Tuesday February 14, 2017

Community Development News - January 2017

Welcome to our monthly blog update about what is happening in Apache Community Development. This month we have news about FOSDEM and our Commnity Development presence there, Feathercast and the audio recordings available and the new mini conference format for Apachecon NA 2017.

Community Development at FOSDEM 2017

During January a lot of our focus has been in preparing for FOSDEM. FOSDEM is a open source conference in Brussels that is held every year. It is completely free to attend and attracts 4000-5000 attendees. It is a great event to spread the word about Apache and also projects can use it to promote themselves to potential new users or community members.

A wiki page was setup with details of the event where projects could book time on the ASF booth to promote their project.This year we had a special banner made featuring logos of as many Apache projects as we could fit. Having the banner with the project logos really helped people realise just how many projects we have at the ASF. We are now seeing a lot more recognition of Apache projects than before.

Around 20 FOSDEM presentations and talks were from ASF contributors which shows that the ASF is already building a strong presence. There is also an increased awareness of Big Data and IoT and it was good to see that many people recognised ASF projects as leading the way in these technology areas. And tweets from the ASF Twitter account helped guide people to our booth.

During FOSDEM we also had the opportunity to record some Feathercast interviews. Links can the recordings can be found below:

Interview : Joerg Schad (Apache Mesos)
Interview : Holden Karau (Apache Spark)
Interview : Danese Cooper
Interview : Rich Bowen
Interview : Roman Shaposhnik
Interview : Isabel Drost-Fromm

Thanks to everyone who helped out on and around the ASF booth during the conference and also to the people who volunteered to be interviewed. We are looking forward to being at FOSDEM again next year.

Feathercast

Feathercast was started by David Reid and Rich Bowen and is currently used to store podcasts and recorded audio from ASF related events or presentations. It contains a lot of audio from previous Apachecons and is a good way to catch a presentation that you haven't been able to attend. All the audio from Apache Big Data and Apachecon 2016 in Seville has is now uploaded and available.

In the past Feathercast was jointly maintained by David and Rich. More recently Rich has taken on the majority of the work involved so now we are actively looking for additional volunteers to help share the workload. If you are interested in helping out with Feathercast then please follow the feathercast mailing list feathercast-AT-apache.org or subscribe to the feathercast mailing list  by sending an email to feathercast-subscribe-AT-apache.org

Apachecon NA 2017

The Community Development team will be working on helping support the preparations for Apachecon NA in Miami.
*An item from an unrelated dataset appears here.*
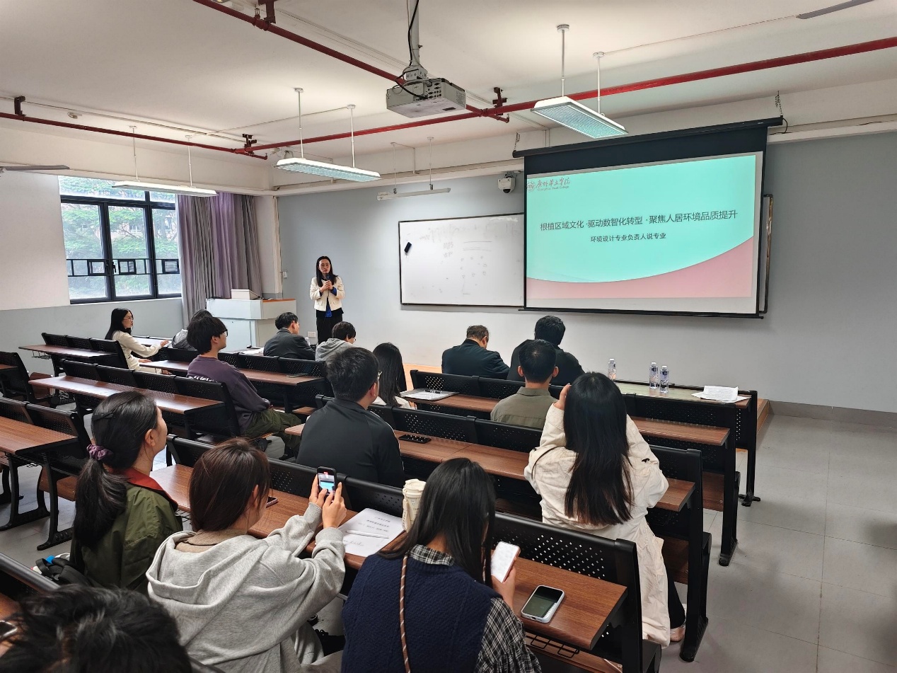随后,环境设计专业负责人邱悦副教授以“根植区域文化、驱动数智化转型、聚焦人居环境品质提升”为导向,分享专业建设路径。她介绍,面对设计行业数智化变革趋势,专业确立“培养懂文化传承、善技术应用、能解决复杂空间问题的创新应用型人才”目标,构建“一体两翼、跨界融合”培养规格——以环境设计本体知识为核心,以人文地域素养、数智技术应用为两翼,实现跨学科能力整合。课程体系采用OBE成果导向理念反向设计,通过“通识基础—学科基础—专业核心—实践拓展”四层结构,深度融合区域文化、数智技术、人居环境三大模块,确保人才能力精准匹配需求。

If you have been following the discussions on our mailing lists then you will have seen that a new format for Apachecon has been proposed. This involves mini project or themed conferences integrated with Apachecon. Already confirmed for Miami are the following:


  • Apache: Big Data

  • Cloudstack Collaboration Conference

  • Tomcatcon

  • Apache IoT  (Internet of Things)

  • FlexJS Summit

  • Apache Traffic Server and Traffic Control Summit


We will still be including our core Apachecon tracks for community, lightning talks, general project presentations and tutorials, as well as our regular Barcamp.We hope that you will enjoy the new format and hope to see as many of you as possible in Miami.
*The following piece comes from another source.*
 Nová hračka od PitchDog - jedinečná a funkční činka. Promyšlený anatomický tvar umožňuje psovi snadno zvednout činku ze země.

Contacting Community Development

Remember that we are always happy to get your feedback and comments so please feel free to contact us, follow our events and participate in our discussions on our mailing list. If you would like to be kept up to date with all the latest news about what is happening in Community Development then please subscribe to our mailing list by sending an email to dev-subscribe AT community DOT apache DOT org.

Thursday January 05, 2017

Community Development News - December 2016

Welcome to our monthly blog update about what is happening in Apache Community Development. This month we have news about defininig a Commnity Development Strategy, ASF involvement in GSoC and the results from our Committer Diversity Survey are published.

Community Development Strategy


This month our mailing list has had some detailed discussions around the goal of the Apache Community Development project. The discussion covered topics such as the original mission statement when the project was established and why people felt that more organisation and direction was needed.
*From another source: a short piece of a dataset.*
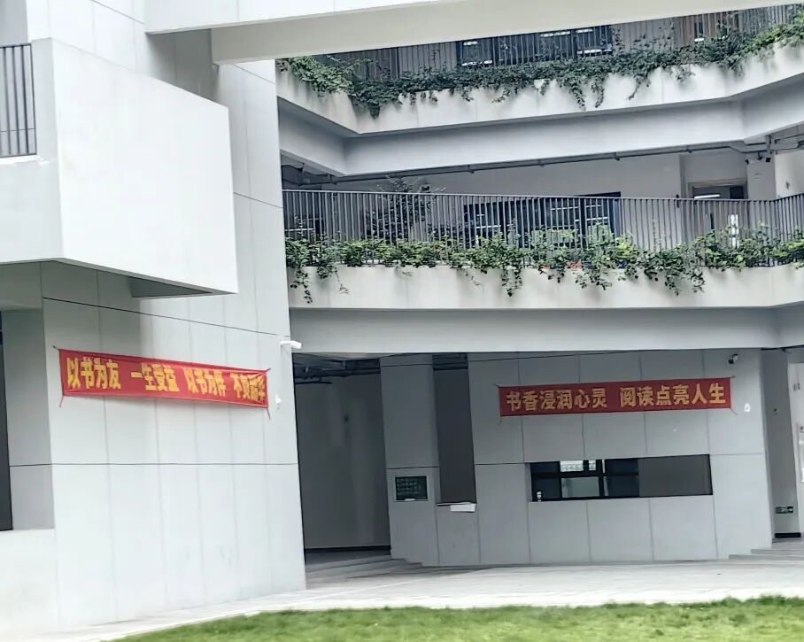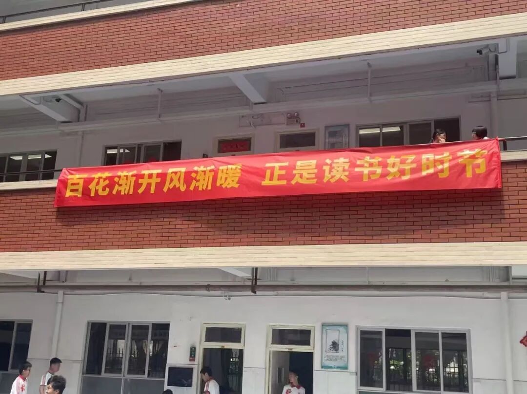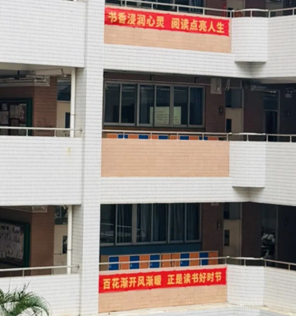 为营造浓厚的读书氛围,初中部三个校区均在教学楼悬挂了精心设计的读书主题条幅,让书香气息弥漫校园每个角落。

When the project was established our original mission was 'charged with coordinating community development efforts' which was a very broad and flexible definition. Defining a strategy will guide the project and give better visibility of our current and planned activities.

Some of the main ideas mentioned were as follows:


  • Increase community diversity

  • Develop tools that projects can use to promote themselves and attract new participants

  • Educate projects about the Apache Way so that they can more richly experience what Apache really is

  • Strengthen the bonds between projects and the larger Foundation

  • Work with marketing to promote what our projects are doing and promote the idea that the ASF is where innovation happens

  • Internal promotion - many of our projects don't know about what other projects are doing


The next step is to document these ideas into a formal strategy and link it to specific goals and plans.

GSoC


Another big discussion topic this month was around ASF involvement in Google Summer of Code (GSoC) and how we might be able to gather data and statistics that show more clearly how GSoC benefits our projects and communities.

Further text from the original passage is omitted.